What is a Daily Huddle?
A daily huddle is where you bring your team together at the same time each day and ask them these three questions:
- What did we achieve yesterday?
- What are our priorities for today?
- Did we identify any roadblocks?
For this to be successful, you would need to do this consistently, and it needs to be done at the same time and in the same place every day. Are you the only person on your team? Then this is still a priority. Will you be away for the day? Then your team is to continue to do this without you.
What will be the outcome?
The outcome of a daily huddle will be that you have a highly motivated, successful, self-managed team.
Over time, your team will become more forward-thinking. Instead of saying, “I have nothing to do.” they will say, “I have completed my tasks for the day. Does anyone need help?” Additionally, instead of ‘battling on,’ wasting valuable time and resources, when a team member struggles, they will have the confidence to ask for help from you and the rest of their team.
Then, one day your team will be saying, “Wow! Look what we achieved yesterday. We did a great job.”
Over time, your team’s success will happen daily. Your team will consistently prioritize and re-prioritize, and you will all be working together to unlock the roadblocks you encounter. Once this happens, your skilled team will be highly motivated, and this team will use these skills effectively and efficiently in the workplace.
What’s next?
When your daily huddle is consistently happening, the next step is to have your team email their reports to you each Friday afternoon with the answers to the following three questions:
- What did you achieve this week?
- What are your priorities for next week?
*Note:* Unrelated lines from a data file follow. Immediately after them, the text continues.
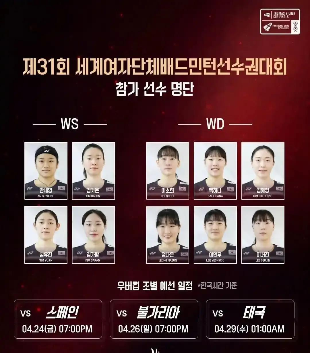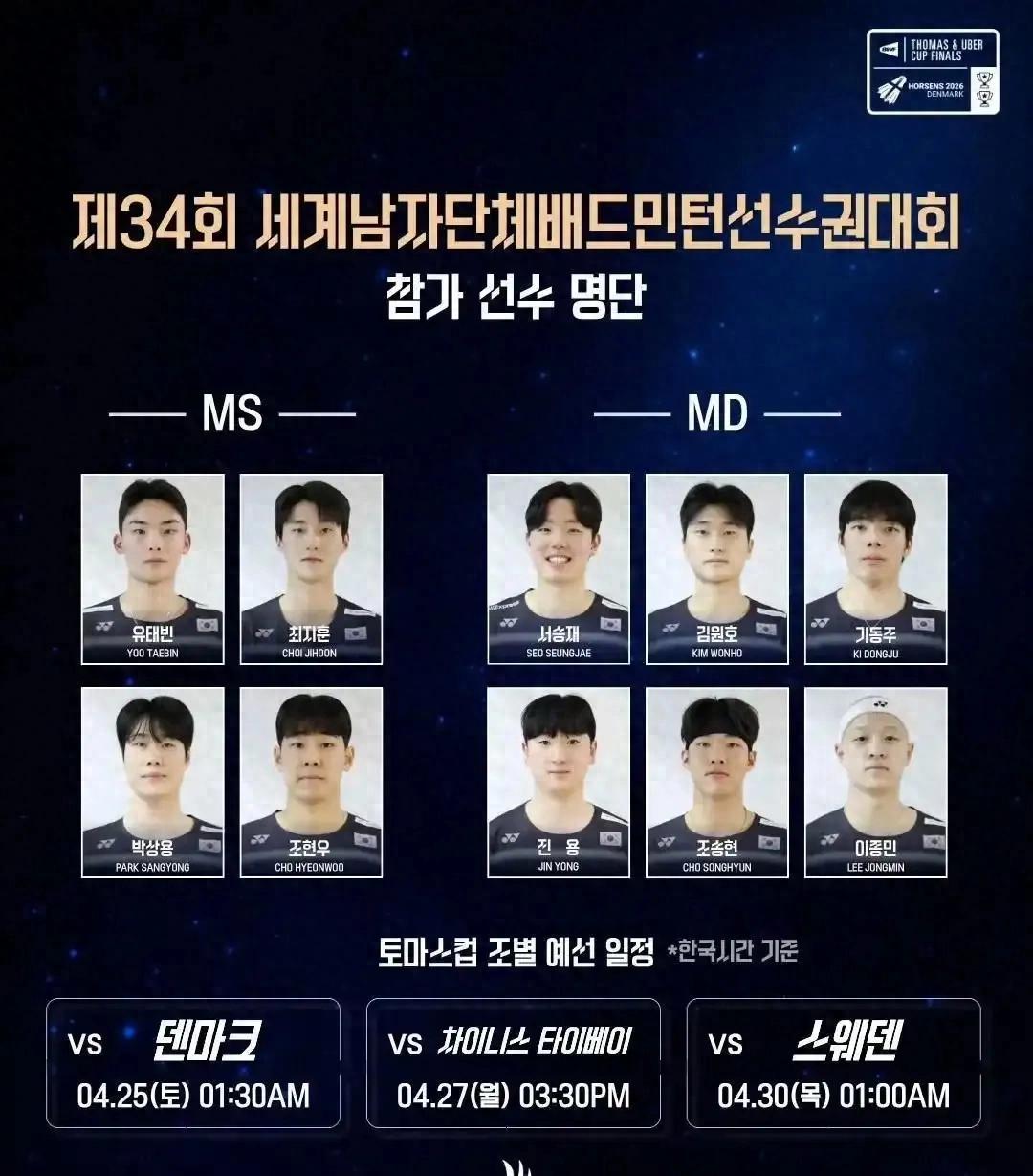 韩国队分在汤姆斯杯C组,对手包括丹麦、中国台北队等强队,男单短板将被放大,男双压力陡增,韩国男队的出线前景并不乐观。
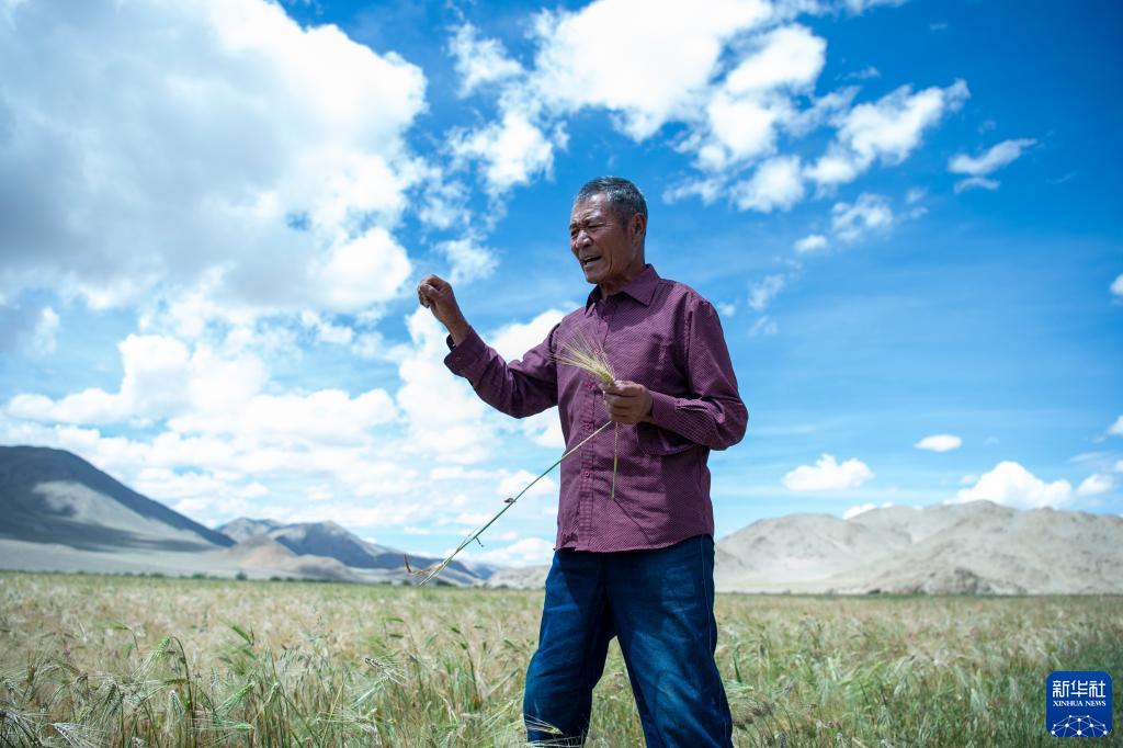 “自力更生,艱苦奮斗?!笔蔷妹览先说目陬^禪。家人常勸他不要再來(lái)地里勞作,他卻說(shuō):“雖然現在生活條件越來(lái)越好,但是我們不能忘本?!弊咴谇囡锢?,老人不時(shí)俯下身子查看青稞長(cháng)勢。有的青稞生長(cháng)狀況不佳,他便會(huì )皺起眉頭,與村民們商量解決辦法?!跋乱徊竭€是應該繼續提高機械化水平,讓青稞長(cháng)得更多更好?!本妹览先诵χ?zhù)說(shuō)。
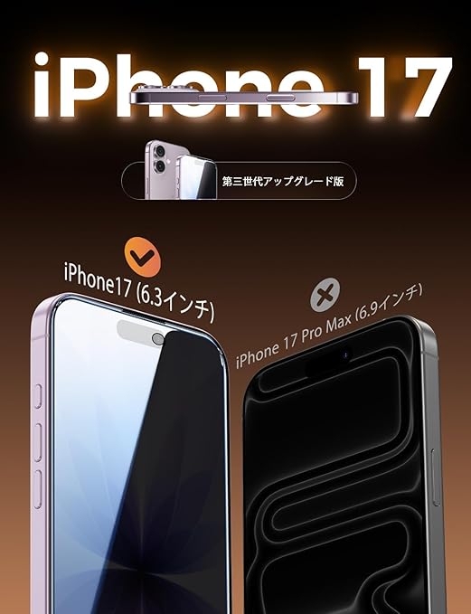 【もう失敗はしない】本製品は iPhone 17 (6.3 インチ)に対応するガラスフィルム2枚セットです。百万以上の欧米ユーザーのフィードバックを集めて日々改善したマジックガイド枠は技術の革新だけではなく、匠の精神を求める結晶です。操作が簡単でずれにくく、一歩だけで保護フィルムを貼り付けます。そのうえ、自動ホコリ取りデザインだけでなく、マジックガイド枠のスロープデザインで、空気を効率的に取り除くことができ、初心者でも気泡レスのまま綺麗に貼れます。
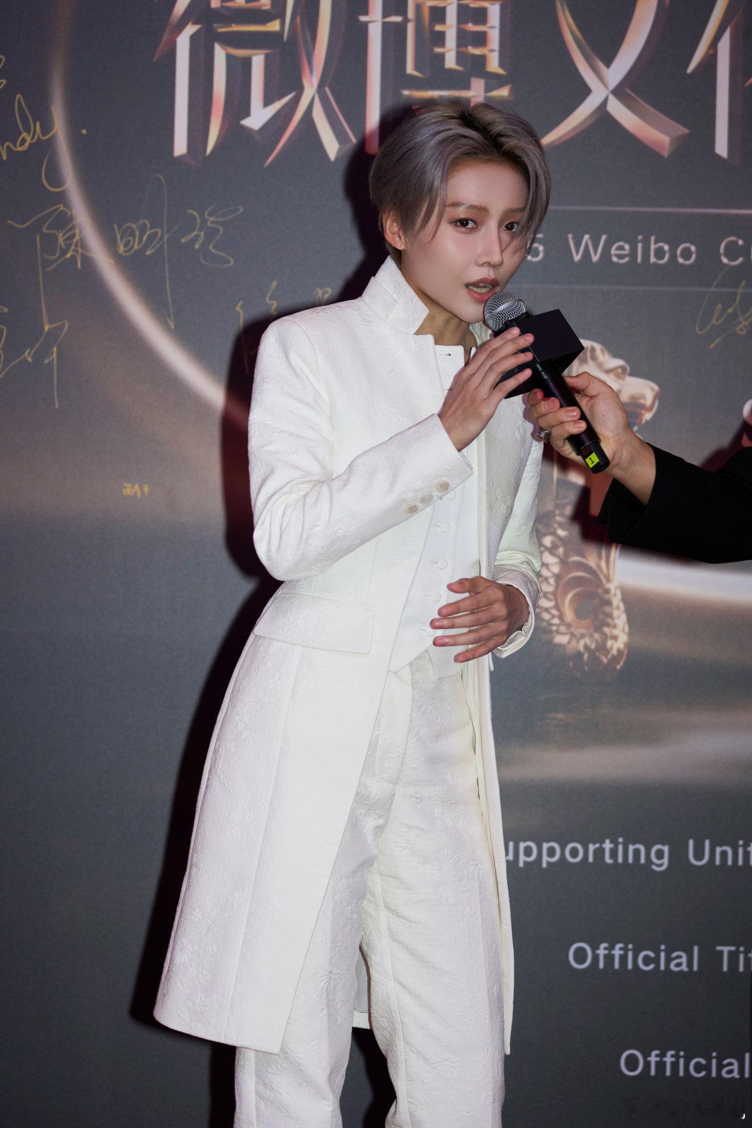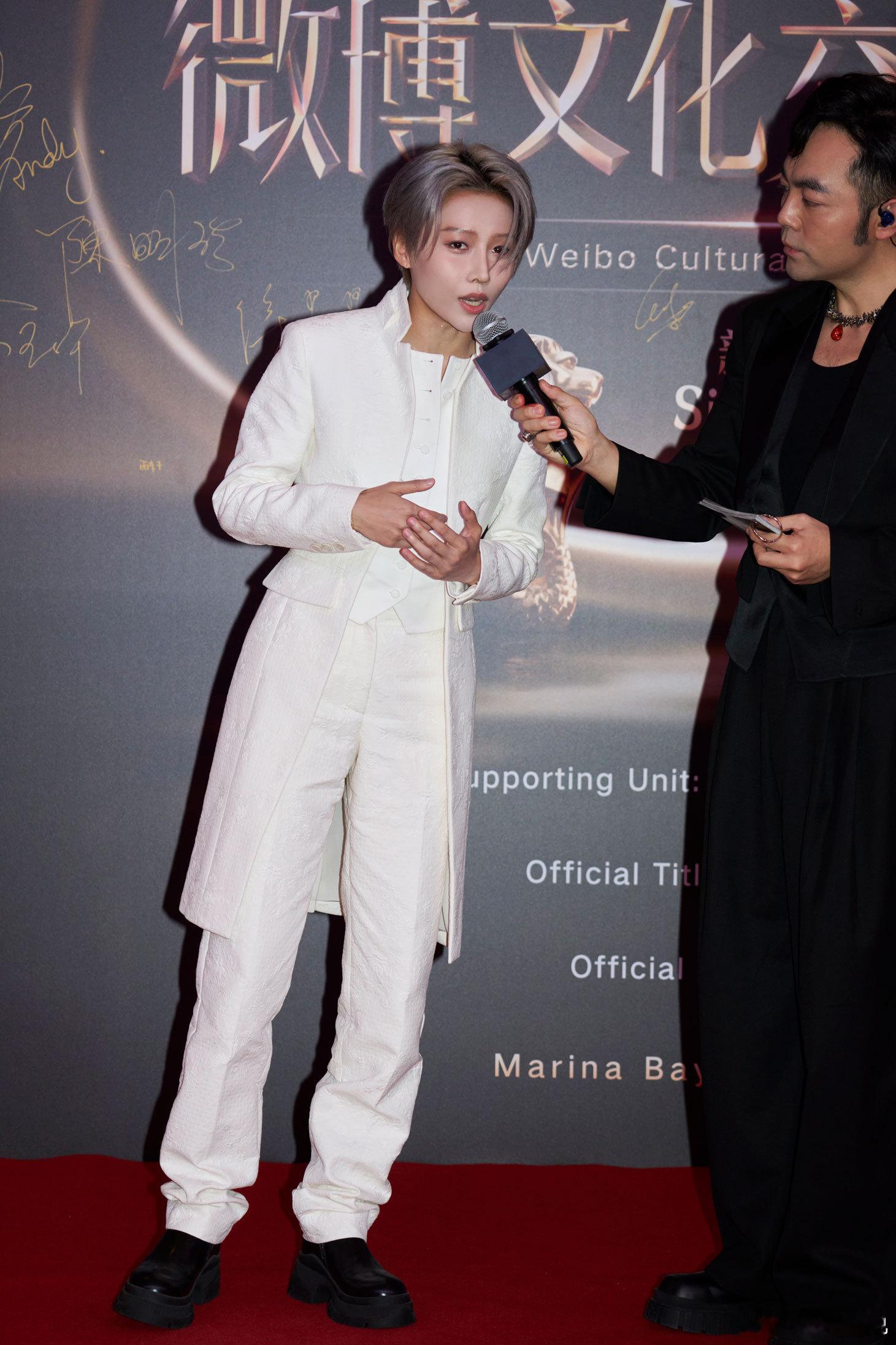 新加坡文化交流之夜的灯光下,刘雨昕的白色造型格外亮眼。长款外套衬出优雅身姿,每一

- What roadblocks did you encounter?
Once you have received their email, you will re-forward the previous week’s email sent to you. The purpose of this is to see what each team member has advised they would achieve from last week’s email. Did they reach their goals, and if not, why not?
Did they reassess and rearrange their priorities when they could not finish a task, or did new priorities arrive? Did they encounter any real roadblocks, or was this an excuse for not completing their assigned tasks? Do they have a plan to rectify the situation?
What is a leader’s job?
As a leader, our job is to teach our staff to think. We are to teach them how to find a solution to their problems. They are to look for answers both inside and outside the square.
So once your huddle is now a daily habit and the Friday reports arrive consistently each week, your next step is to organise a monthly review.
This review reports the completed achievement over the last month.
Each member of the team receives a 3-minute update
- What did we achieve this month?
- What are our priorities for next month?
- What roadblocks do you think we will encounter?
At the end of the meeting, you will request that everyone brainstorms their priorities for next month and what they feel are the most important to have the entire team think tank around. Pick the top one or two areas and spend the 10 to 15 minutes think tanking as a team as to the biggest priority for the team for the next week.
Once you have done this for three months, you will sit down as a team and do a quarterly review.
- What did we achieve last quarter?
- What are our priorities for the next quarter?
- What potential systematic risks will affect our quarterly plan?
Then, at the 12 month mark and every 12 months after that, you sit down as an entire team and identify what you have achieved in the last year?
- What are our priorities for next year?
- Have they aligned with our three-year strategic plan?
- What potential systematic risks will affect our quarterly plan?
- Do we need more systems, processes, funding, or staff?
You will find that your daily huddle will eventually become a strategic plan from just three questions a day.